Atomikos’ approach to transaction management outside of the server is to place their own wrappers around your resource definitions. Their transaction manager will then scan the Spring ApplicationContext to find these. To set it up takes a final step:

    <!-- implementation-specific wrapper used by the transaction manager -->
    <bean id="xa.connectionFactory" class="com.atomikos.jms.AtomikosConnectionFactoryBean">
        <property name="uniqueResourceName" value="amq1" />
        <property name="xaConnectionFactory" ref="amq.connectionFactory" />
    </bean>

    <bean id="jta.transactionManager" 
            class="org.springframework.transaction.jta.JtaTransactionManager">
        <property name="transactionManager">
            <bean class="com.atomikos.icatch.jta.UserTransactionManager" 
                    init-method="init" 
                    destroy-method="close">
                <property name="forceShutdown" value="false" />
            </bean>
        </property>
        <property name="userTransaction">
            <bean class="com.atomikos.icatch.jta.UserTransactionImp">
                <property name="transactionTimeout" value="300" />
            </bean>
        </property>
    </bean>

The JtaTransactionManager is configured to use an external underlying TransactionManager implementation, and wrappers are provided around the resources.

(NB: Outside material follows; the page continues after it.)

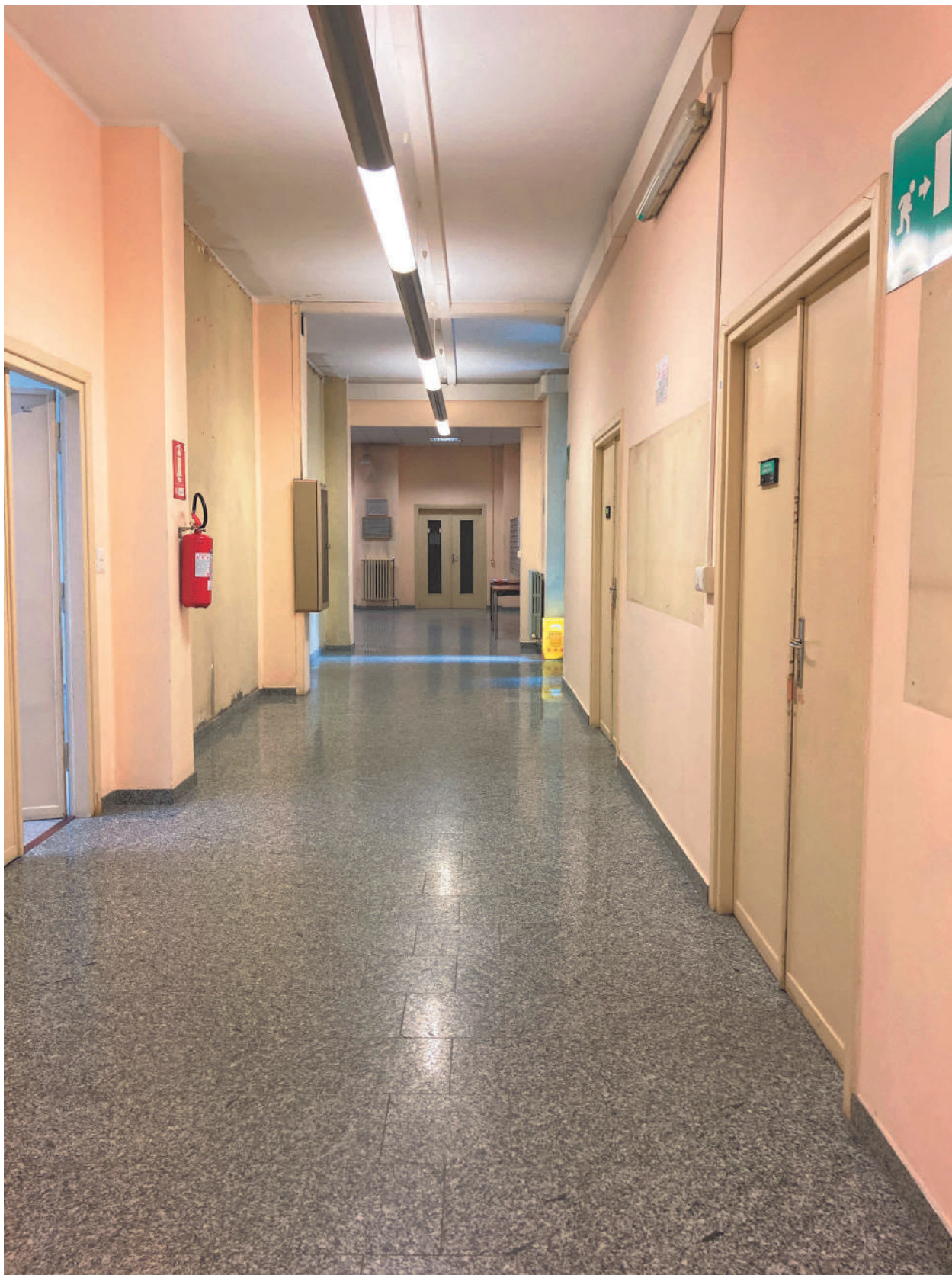
FOTOGRAFIA 1 - Area amministrativa

Assuming interaction with an HSQLDB instance, which doesn’t support XA transactions, you would add a further:

    <!-- HSQLDB is not XA compatible so we wrap that using a special Atomikos NonXA to XA DataSource -->
    <bean id="xa.dataSource" class="com.atomikos.jdbc.nonxa.AtomikosNonXADataSourceBean">
        <property name="uniqueResourceName" value="hsqldb" />
        <property name="driverClassName" value="org.hsqldb.jdbcDriver" />
        <property name="url" value="jdbc:hsqldb:mem:myTestDb" />
        <property name="user" value="sa" />
        <property name="password" value="" />
        <property name="poolSize" value="3" />
    </bean>

When using a database that supports XA, you would use a com.atomikos.jdbc.AtomikosDataSourceBean instead.

The above should get you going, but remember that it’s important with any kind of transactional config to test that it actually works.